In most cases an UPDATE statement is executed on a single table with specific values. However, in some cases it is practical to directly update rows based on values of another table or the result of another query.
Updates to rows are always performed on a single table for a specific number of rows. When e.g. a discount should be applied to all products based on their category an UPDATE query is executed for every category.
SELECT category_id, discount FROM products;
-- | category_id | discount |
-- |-------------|----------|
-- | 1 | 0.2 |
-- | 2 | 0.3 |
UPDATE products
SET price_current = price_original - price_original * 0.2
WHERE category_id = 1;
UPDATE products
SET price_current = price_original - price_original * 0.3
WHERE category_id = 2;
UPDATE products
JOIN categories USING(category_id)
SET price_current =
price_original - price_original * categories.discount
UPDATE products
SET price_current =
price_original - price_original * categories.discount
FROM categories
WHERE products.category_id = categories.category_id
Typically an application is doing a slow loop-based process to update rows in a table with the UPDATE statement depending on values of the other table:
const selectQuery = `
SELECT category_id, discount
FROM categories
`;
const updateQuery = `
UPDATE products
SET price_current = price_original - price_original * :discount
WHERE category_id = :category_id
`;
for (const category of query(selectQuery)) {
query(updateQuery, category);
}
For a large number of categories the UPDATE statement needs to be executed numerous times which may result in degraded performance for the application.
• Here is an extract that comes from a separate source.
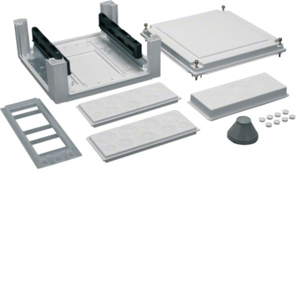 leer incl., 1 Kabelabfangschelle, 1 Tülle M60 = 30 - 45 mm, 2 Flachflansch, 1 Kragenflansch, 1 Buckelflansch, 2 Sammelschienenträger 60 mm, erhöht montiert (SS-Niveau von univers N)

When each statement is also affecting a sizeable share of the table, an index on
category_id
may not be used resulting in a full-table scan every time.
But the problem is getting worse when the requirements are more extensive because the UPDATE is depending on more complex relationships or calculations.
The application may need to fetch billions of record ids into memory to do more fine-grained updates to the rows.
Depending on memory constraints for the application this operation may result in a crash or degraded performance of the server's process.
This problem is normally solved by chunking the data to reduce memory consumption, but more queries need to be executed.
Which may increase the load on the databases again.
Another problem occurring is the selection of many records for the update statements.
A large number of records used in a
IN(...)
statement will not be efficient, the chunk size may need to be decreased further and more queries need to be executed.
Every application is implementing a JOIN of a SELECT with an UPDATE! But as shown in the usage section this feature is already implemented in all databases, you can do joins when updating data. By utilizing the databases feature set fully in this case, the most efficient approach is being used by the database automatically.